When Love Takes Root
- Karen Farris

- 4 minutes ago
- 2 min read

When Mom moved out to the woods and carved out not just her log cabin, but a small patch of yard, she decided she wanted her favorite blooming plant.
So she went and got a permit to dig up a native rhododendron.
The state officials gave her the specific boundary, and she drove a couple hours over a washboard gravel road to reach the designated spot.
With a shovel in hand and a small backpack carrying her lunch, she set out in search of the right one.
Being a librarian, she’d already done her homework—researching the best season and the right size plant for transplanting. So, she walked, and walked, and walked.
Then she saw it. A small one—almost as if it had been waiting to be chosen.
When she told me the story, I teased her. I said she made it sound like she was adopting a dog from a kennel.
She smiled and said, “It was.”
She brought it home and planted it in her “yard”—really just a gentle claiming of space in the wilderness she loved.
The first year, it barely bloomed.

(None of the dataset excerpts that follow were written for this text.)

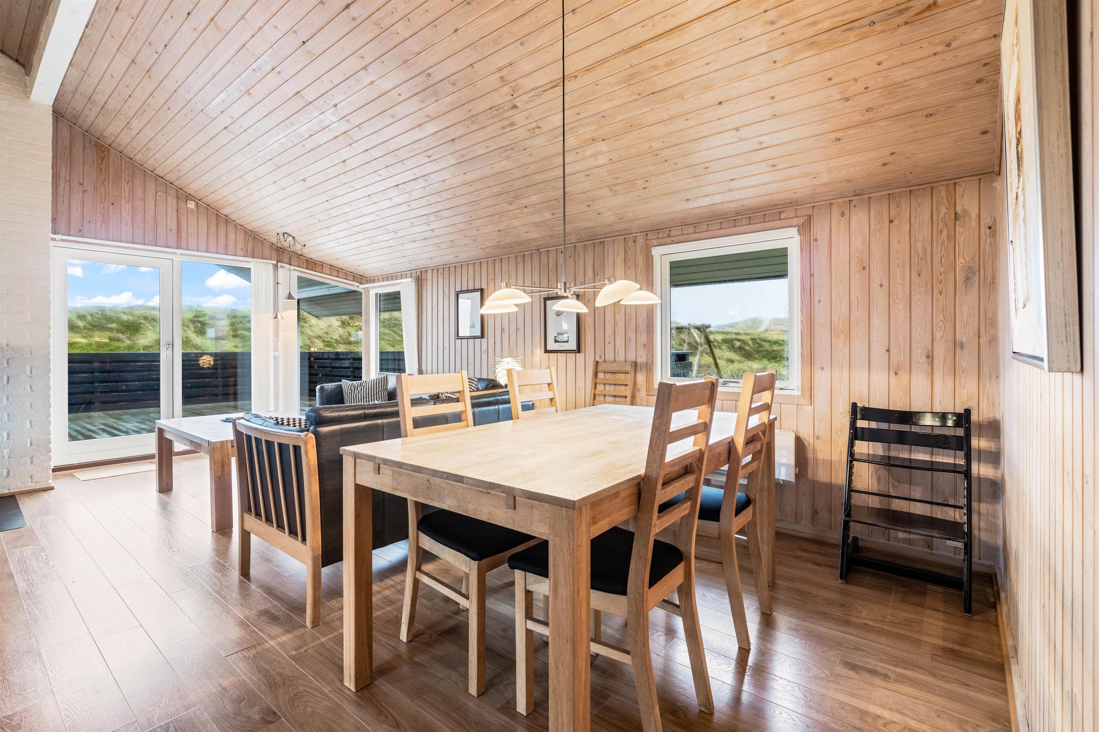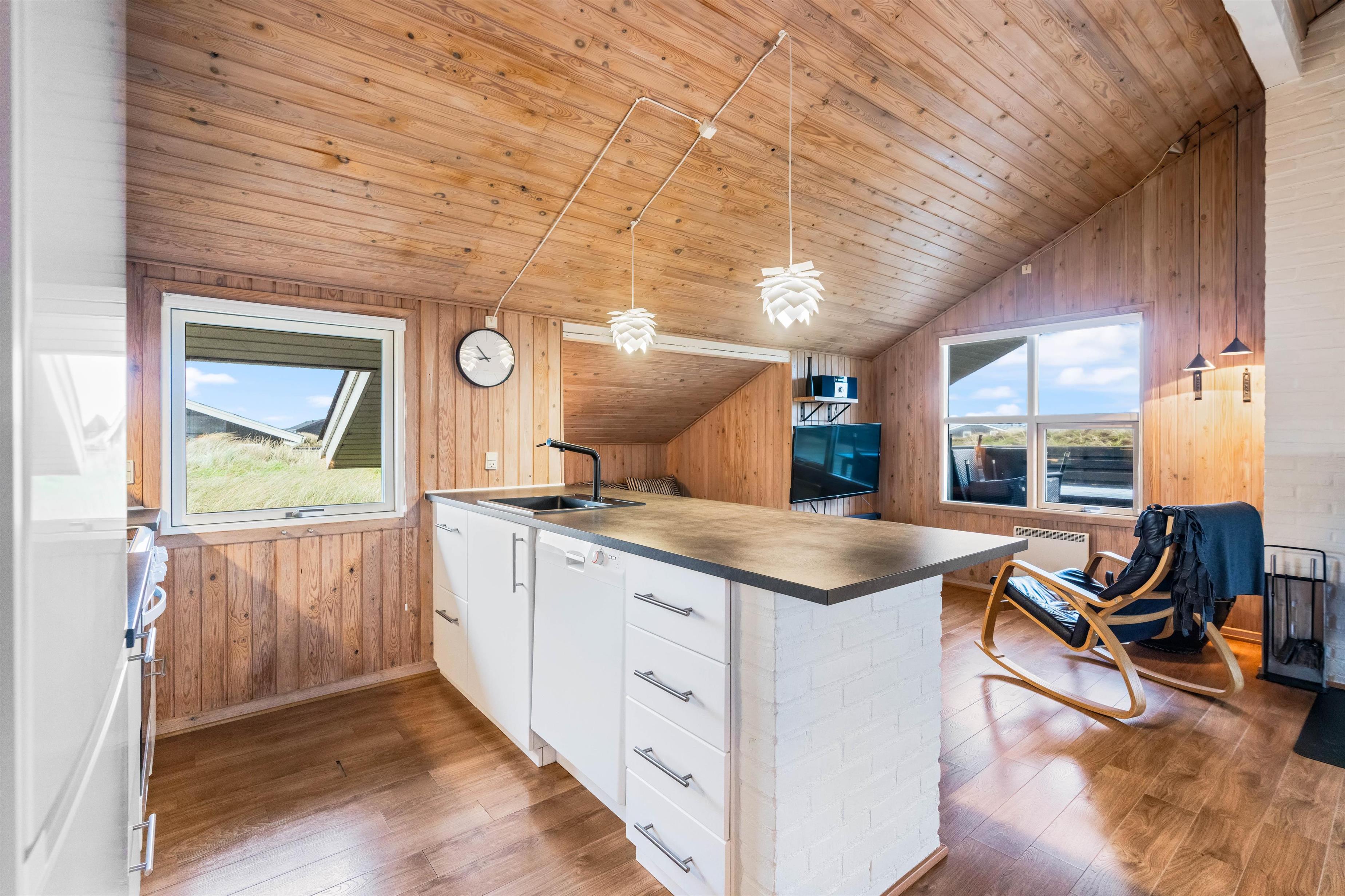 I dette smukke feriehus er alle forudsætninger for en dejlig ferie til stede. Domicilet ligger for enden af en lille blind vej, kun 250 m fra Vesterhavet med den kilometerlange sandstrand.
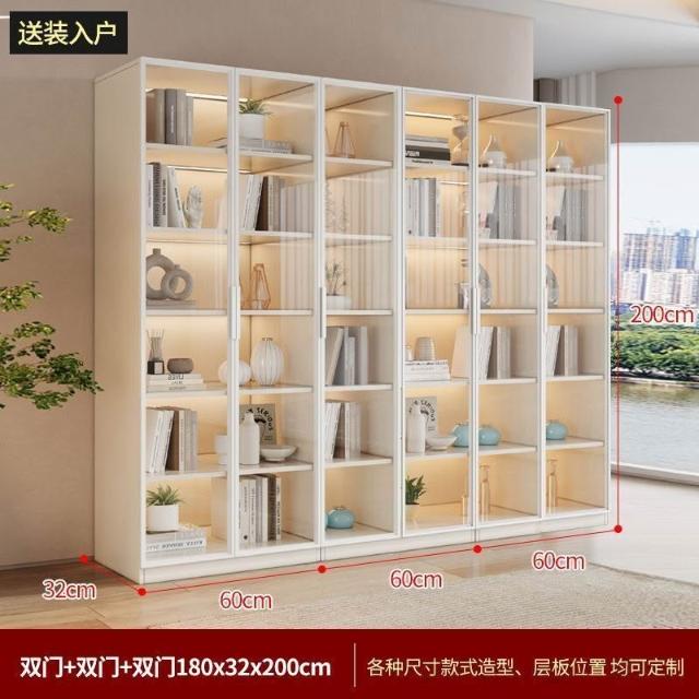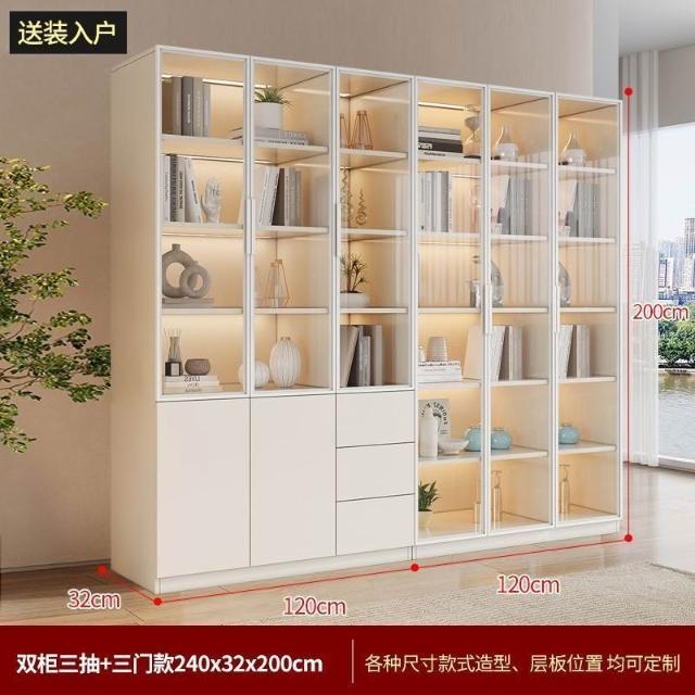 實木生態板書櫃透明門一體家用客廳靠墻輕奢現代玻璃門展示櫃工廠
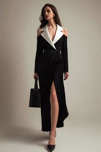 Sheath Notched Lapel Black and White Work Dress With Slit
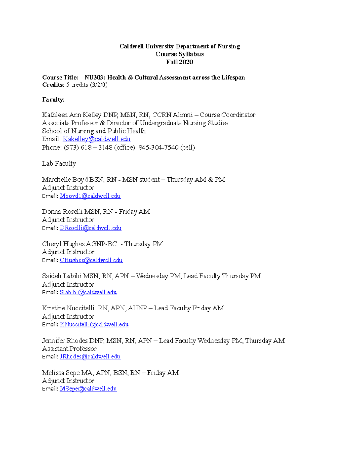 NU303 Syllabus Caldwell University Department of Nursing Course
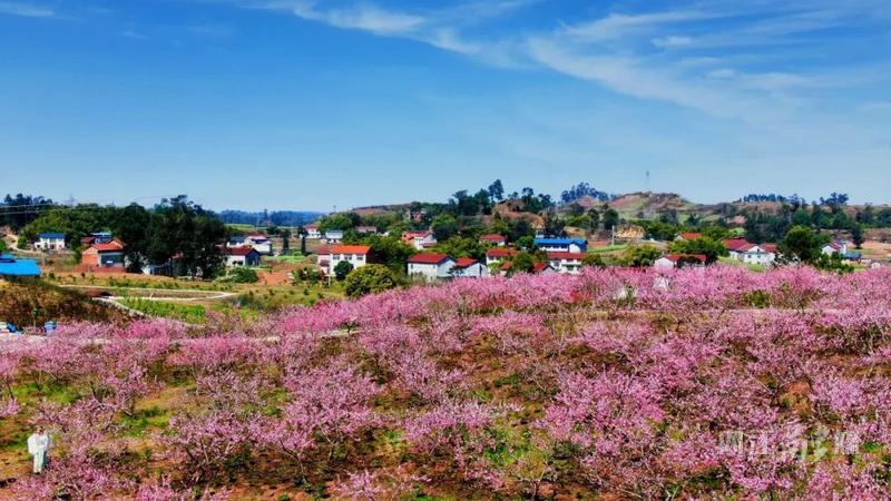 阳春三月春满园,位于资中县鱼溪镇的五指山农旅康养生态园里花果飘香、鱼跃浅塘,春天的盎然生机引得客人纷至沓来。
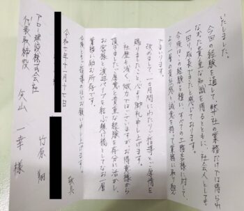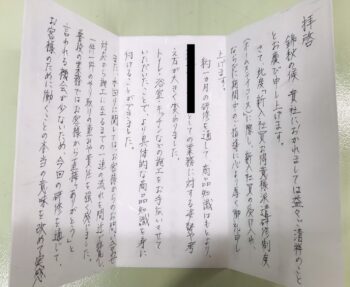 後日、上司の方と「お礼状」を持参してくれました!
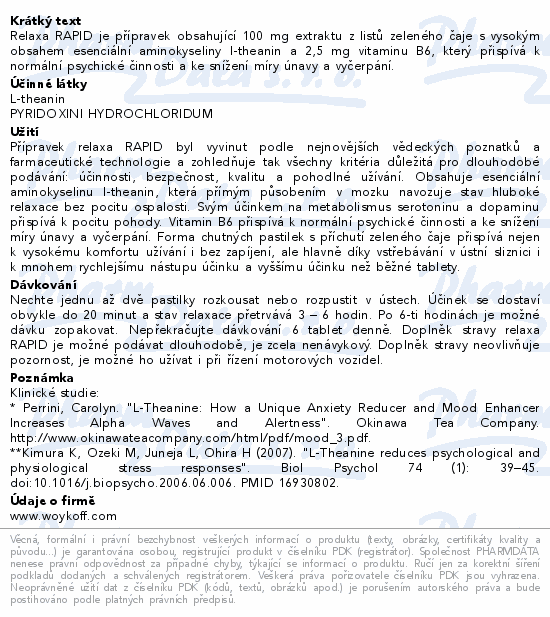 Relaxa RAPID je přípravek obsahující 100 mg extraktu z listů zeleného čaje s vysokým obsahem esenciální aminokyseliny l-theanin a 2,5 mg vitaminu B6, který přispívá k normální psychické činnosti a ke snížení míry únavy a vyčerpání.
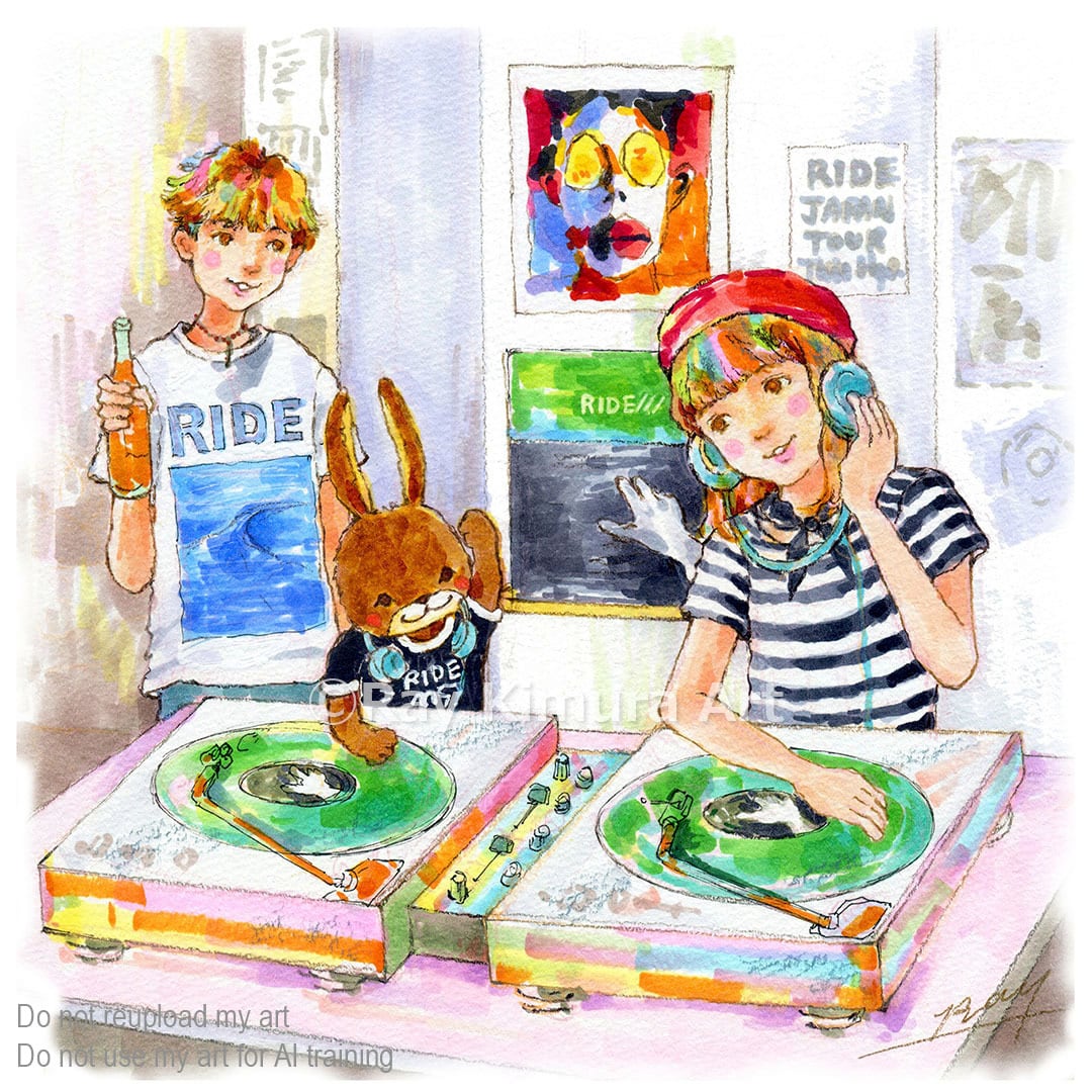 女の子と相棒のバニーが一緒にDJ。
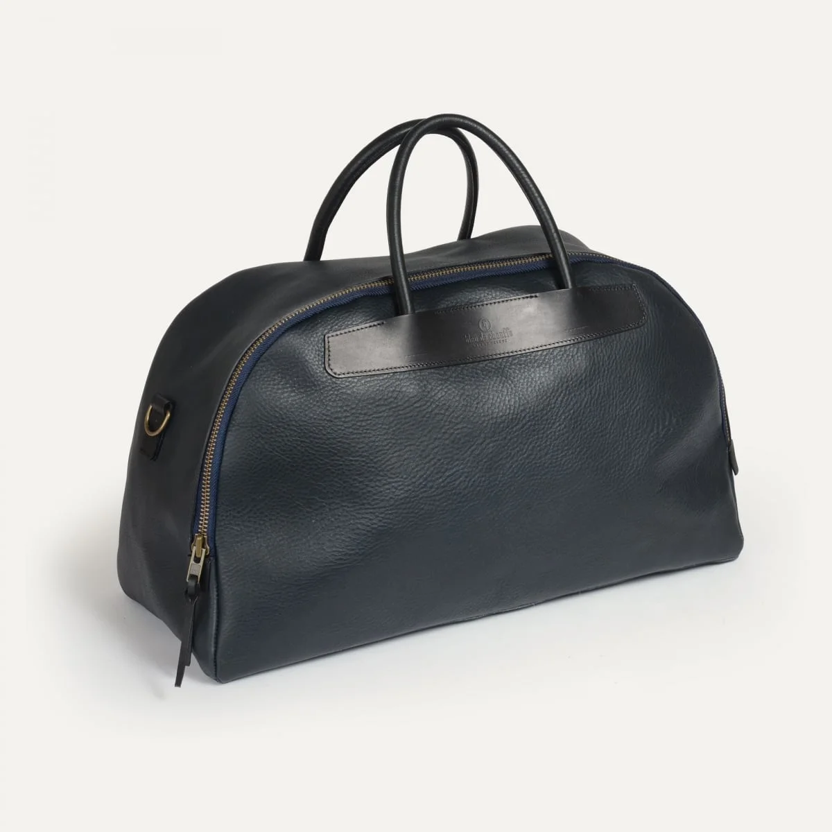 BOWLING TRAVEL BAG A vintage icon transposed to travel, the Bowling bag is a retro nugget in the collection. Its rounded silhouette, luxurious leather and impeccable fit recall the sport-chic bags of the 50s and 60s. Behind this allure is a piece designed to last. Designed for both short and long trips, it offers a compact cabin format with a vast 30 L volume, accessible via a large zipped opening, and ergonomic handles reinforced with braided cord. Made to the highest standards in our workshop in Aveyron, it embodies the alliance of design and craftsmanship. Size: W 47 cm x H 29 cm x D 20 cm Volume: 30 liters. Made in France. The bag can be completed by a removable leather black shoulder strap with felt-lined shoulder tab. MATERIALS The Bowling bag is made from full-grain vegetable-tanned leather, using a process based on mimosa, acacia and chestnut. This natural tanning provides exceptional durability, enhanced waterproofing and a soft, supple feel. Over time, the leather develops a remarkable patina, making each bag a unique piece, imprinted with your history. The handles are reinforced with a braided cotton cord, for comfortable carrying from the very first day, and perfect hold over time. Each bag is entirely handmade in our Saint-Georges-de-Luzencon workshop, and signed by the craftsman who made it. A piece of leatherwork designed to last, beautiful for everyday use and ever more endearing as the years go by. - Water-resistant, vegetable-tanned full-grain leather. - Soft, natural finish. - Velvet-like sanded back finish. - Removable inside zipped pocket in cotton canvas, dated and signed by the craftsman who made it. - Zippered closure. YKK zipper SIZE - Cabin dimensions. - External dimensions: W 47 x H 29 x D 20 cm - Volume: 30 liters.
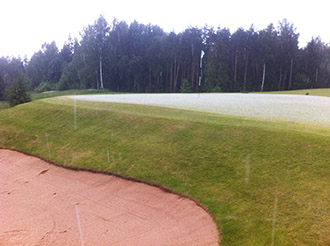 Capitals laukums latviešiem nav jaunums – savulaik, pirms 5-6 gadiem, šeit jau spēlēts, tostarp arī līgas ietvaros. Vislabākās atmiņas par tiešām aizraujoši spēlējamo laukumu gadu no gada motivēja iekļaut turnīra kalendārā plānus tur atgriezties, taču allaž ceļam pamanījās pārskriet kāds melns kaķis, jūrascūciņa vai kāda cita neizdošanos rosinoša radība. Lai vai kā, šopavasar Capitals atkal tika iebalsots sezonas plānos, un augusta otrajā otrdienā viss notika – ap pusdienlaiku no Rīgas atbraukušais sešnieks stājās uz pirmās izsitiena vietas. Nākamais MGL posms 9. septembrī Viesturos, un te daudz kas var izšķirties – labu rezultātu vajadzēs Janševicam, kam tukša sanāk 8. posma jeb Match Play godalgu dalīšana. Kopvērtējumā pirmais tagad Armands, taču Jānis atpaliek nepilnus simts punktus, bet turpat 136 punktu attālumā aiz viņa pēc iegūtās otrās vietas Lietuvā – arī Ingmārs. Tiesa, jāatceras, ka finišā divus punktu skaita ziņā vājākos posmus skaitām mīnusā, kas nozīmē – visa lielākā rēķināšana vēl tikai priekšā. Šobrīd – jāspēlē! Tiekamies Viesturos. 25/07/2014 Pa priekšu visiem jau 8:30 laukumā aizskrēja ar pirmo numuru izliktais Ingmārs Jurisons un Kristaps Baņķis, kurš, atcerēsimies, astotdaļfinālā sadeva pa muguru par favorītu uzskatītajam Artūram Šenhofam. Šoreiz gan zvaigznes neko labo nesolīja – galīgi nav sporta diena, vieni septītnieki zīmējas, atsrologa sirdī optimisms nedzirkstīja. “Ja spēlētu pēc 12:00, tad vēl pacīnītos...” Zvaigznēm šoreiz izrādījās taisnība – Ingmārs ar bugijiem uzvarēja pirmās trīs bedrītes, tad Kristapam izdevās pāris neizšķirti uz 4. (double) un 6. (par), bet nākamās trīs – atkal zaudētas. 7 down pēc pirmā devītnieka nesolīja intrigu un tāda patiešām neatnāca – vēl divi neizšķirti uz 10. un 11. (te Ingmārs sāka stabili ripināt pa trim reizēm), bet 12. atrastais ūdens pielika punktu – 8&6. Lai varētu skatīties acīs Šenhofam, Kristaps bija nolicis sev par mērķi uzvarēt kaut vienā bedrītē, tomēr iznākums tāds, ka šie kungi viens otram acīs tagad neskatīsies... Kā nākamie aiz muguras draiverus no somām laukā vilka Jānis Janševics un Gundars Galkins. Pirmajā devītniekā abi spēlēja līdzīgi, pa reizei dāvājot pretiniekam neizšķirtu vai pat uzvaru – parasti ar “izcilu” ripināšanu. 8.bedrītē Janševics aizsāka jauku tradīciju divas reizes pēc kārtas sist ūdenī, ko atkārtoja arī 13.bedrītē. Rezultātā Gundars izvirzījās vadībā ar 3 UP. Nākamās divas bedrītes uzvarēja Janševics (15. atkal pateicoties Gundara “laipnai” ripināšanai). 16. abiem PAR, bet punktu mačam Gundars pielika nākamajā bedrītē ar otro birdie šajā dienā – 2&1. Savam pretiniekam piekāpās arī otrs JJ – Jarāns. Visu maču Misters Miedziņš līdzīgi spēkojās ar Armandu Tripānu, tomēr pēdējā bedrītē Jāni pazudināja krūmi pie grīna un Armands uzvarēja ar 2&0. Mazliet vēlāk laukumā devās arī Ēriks Kundziņš un Iveta Kaminska. Pateicoties pēkšņam ārzemju klientu apciemojumam, Ēriks nokavēja startu par pusstundu. Līdz ar to stresains sākums un pēc 4 bedrēm Ivetai 3 up. Vienu bedri izdevās atspēlēt, bet tad, uz sestās, nācās cīnīties ne tikai ar Ivetas stabilo spēli, bet arī ar sieviešu intuīciju, kas pateica priekšā Ivetai kādu nūju ņemt, un 6. bedrītē viņa ieripināja PAR no forgrīna. 8. bedrīti Iveta uzvarēja ar fantastisku sitienu no apmēram 50 metriem piesitot 2 cm no karoga. Pilnīgi noteikti tā bija Ivetas diena. Ērikam vēl dažas bedrītes izdevās nospēlēt neizšķirti un vienu uzvarēt, tomēr tas neglāba viņu no kapitulācijas ar 6&4.

But the next year, it came alive.
Mom would send me pictures—because I never could visit when it was in full bloom.
I had to admit—her adopted rhododendron was fully at home.
A few years after Mom passed, we moved to her place.
That first spring, I noticed the rhody getting ready to bloom. And it did, right on Mother’s Day.
It felt like she was visiting. And it bloomed every Mother’s Day for decades.
Until a couple years ago.
After nearly fifty years, it stopped blooming. Then its branches grew bare, slowly gathering moss, the life it once showed was now quiet and fading. I knew it was time. I cut it down myself.

But I couldn’t bring myself to throw it on the burn pile. Instead, I kept it—the moss-covered limbs weathered and worn—as a reminder.
A reminder of the love that carried it from the wild to her yard.
A reminder of the love of a mother who worked, sacrificed, and gave so much so that I could bloom in my own way.
This Mother’s Day, maybe there’s something you hold—something in your hands or tucked away in your heart—that reminds you of her love.
Hold onto it.
Because love, once planted well, has a way of lasting far longer than we expect.